** PROVIDED DATA **

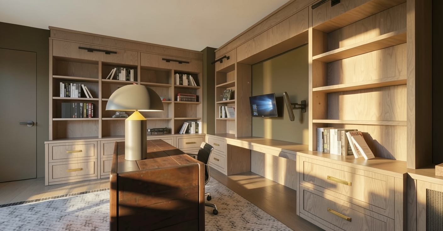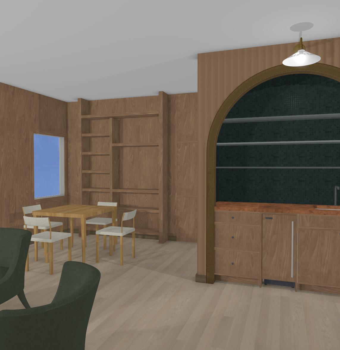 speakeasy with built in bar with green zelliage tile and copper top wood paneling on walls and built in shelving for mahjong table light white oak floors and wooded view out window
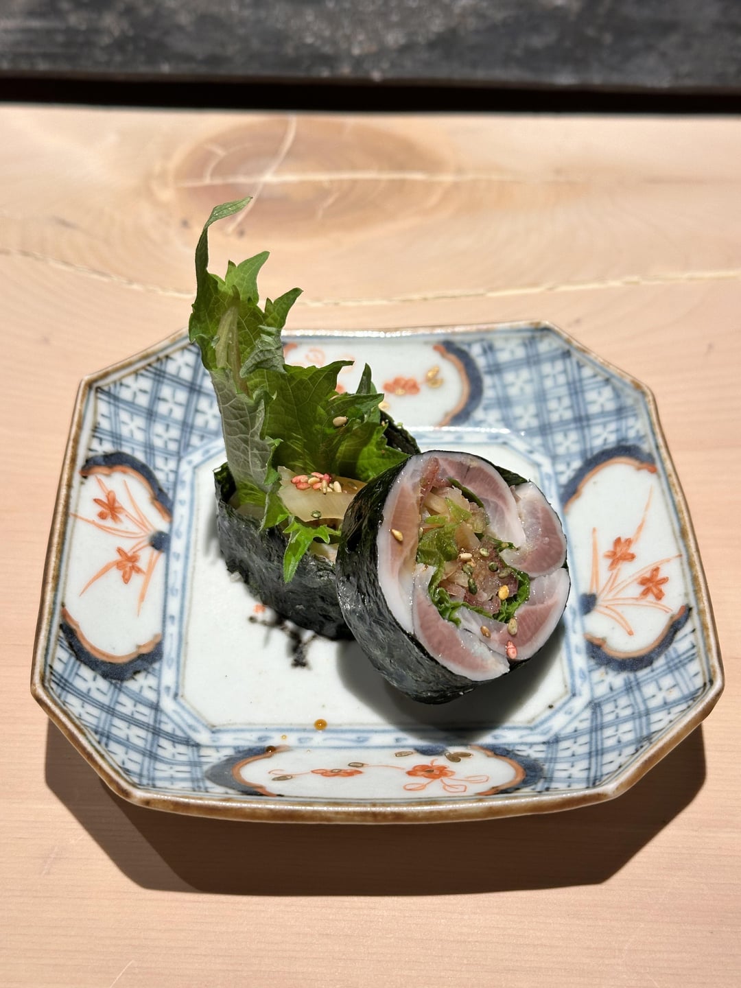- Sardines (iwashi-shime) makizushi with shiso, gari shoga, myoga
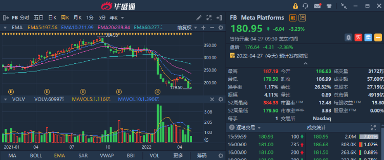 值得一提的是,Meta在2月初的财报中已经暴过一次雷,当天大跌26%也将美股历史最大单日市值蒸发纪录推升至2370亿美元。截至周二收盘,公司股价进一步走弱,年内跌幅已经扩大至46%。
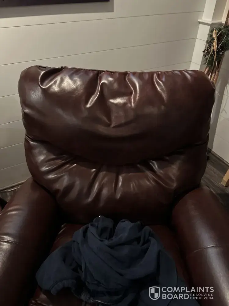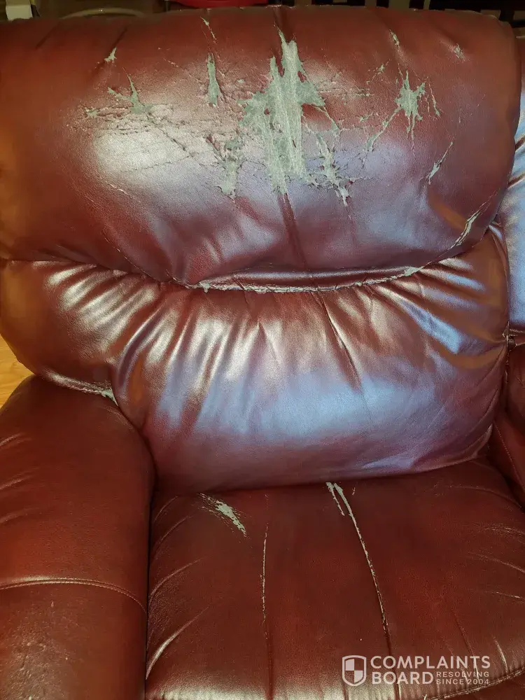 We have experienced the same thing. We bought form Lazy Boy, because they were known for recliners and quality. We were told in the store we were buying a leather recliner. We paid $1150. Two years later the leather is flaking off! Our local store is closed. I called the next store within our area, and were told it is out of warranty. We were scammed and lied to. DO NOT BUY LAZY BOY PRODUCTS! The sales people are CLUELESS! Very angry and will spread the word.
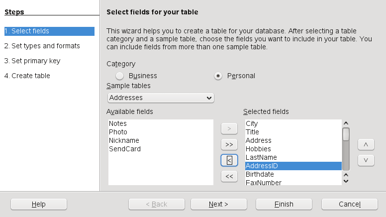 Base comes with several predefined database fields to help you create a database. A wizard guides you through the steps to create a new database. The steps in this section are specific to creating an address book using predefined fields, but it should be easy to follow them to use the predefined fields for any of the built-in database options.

...

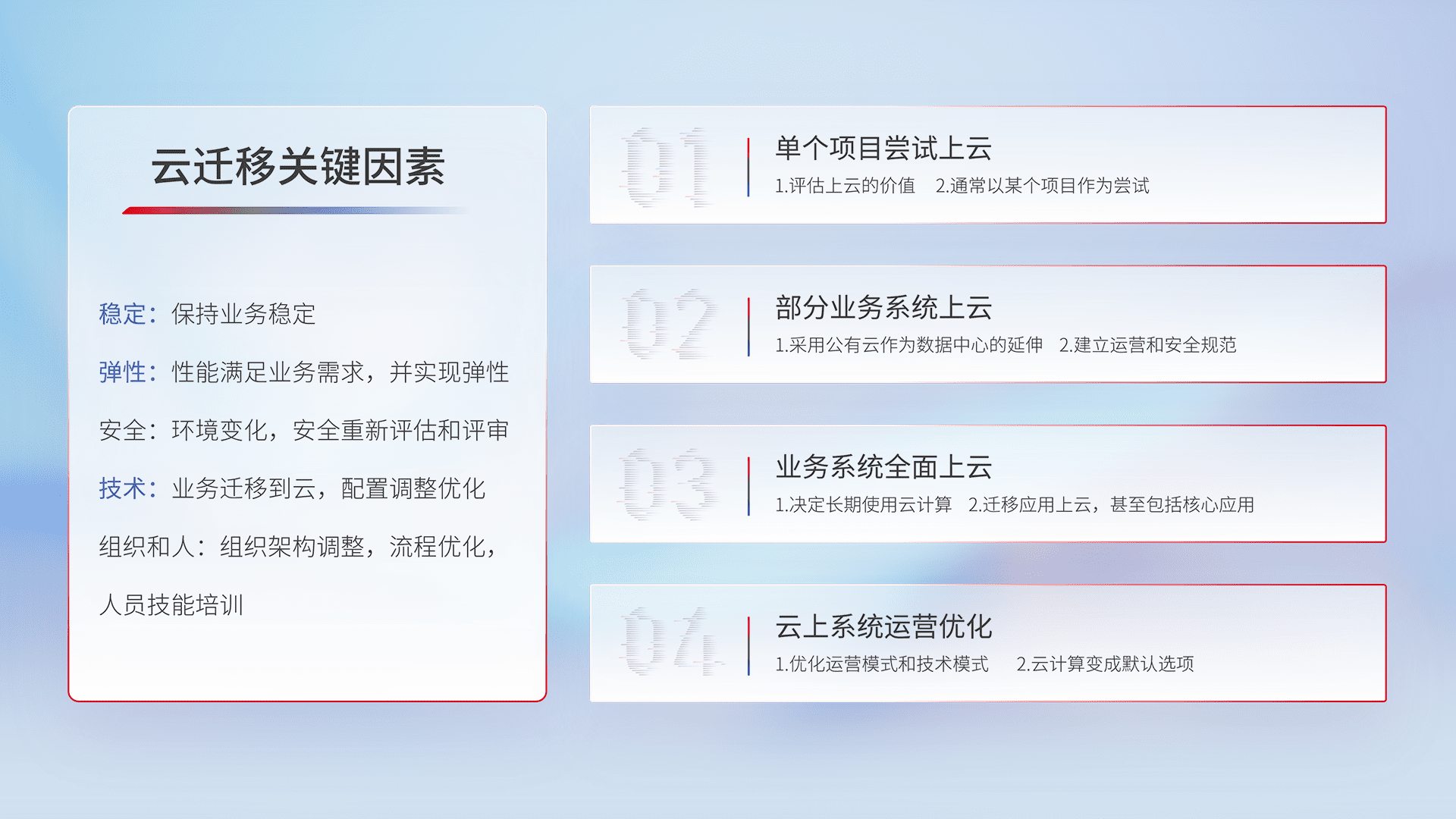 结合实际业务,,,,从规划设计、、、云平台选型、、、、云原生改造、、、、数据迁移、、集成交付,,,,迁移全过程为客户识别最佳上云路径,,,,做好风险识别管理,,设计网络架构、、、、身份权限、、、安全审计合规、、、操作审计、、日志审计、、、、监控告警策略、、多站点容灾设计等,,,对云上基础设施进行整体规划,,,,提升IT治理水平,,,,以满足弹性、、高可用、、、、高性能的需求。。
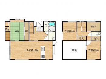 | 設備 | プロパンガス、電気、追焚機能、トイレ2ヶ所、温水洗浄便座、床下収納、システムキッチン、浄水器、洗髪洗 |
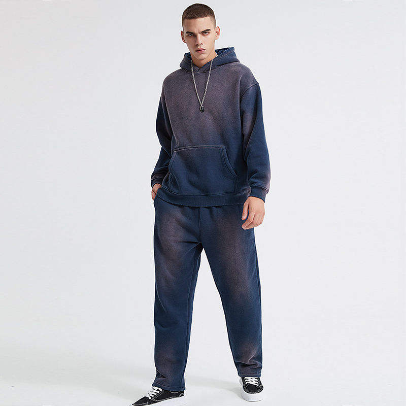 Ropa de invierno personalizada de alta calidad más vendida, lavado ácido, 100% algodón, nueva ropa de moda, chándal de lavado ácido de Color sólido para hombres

** WHAT IS REQUIRED **
With the pictures omitted, restate word for word the lines above from the line that has "结合实际业务,,,,从规划设" up to and including the line that has "設備 | プロパンガス、電気、追焚機能、トイレ2ヶ所、温水洗浄便座、床下収納、システムキッチン、浄水器、洗髪洗 |", and no other lines.

** ANSWER FOR THE TASK **
 结合实际业务,,,,从规划设计、、、云平台选型、、、、云原生改造、、、、数据迁移、、集成交付,,,,迁移全过程为客户识别最佳上云路径,,,,做好风险识别管理,,设计网络架构、、、、身份权限、、、安全审计合规、、、操作审计、、日志审计、、、、监控告警策略、、多站点容灾设计等,,,对云上基础设施进行整体规划,,,,提升IT治理水平,,,,以满足弹性、、高可用、、、、高性能的需求。。
 | 設備 | プロパンガス、電気、追焚機能、トイレ2ヶ所、温水洗浄便座、床下収納、システムキッチン、浄水器、洗髪洗 |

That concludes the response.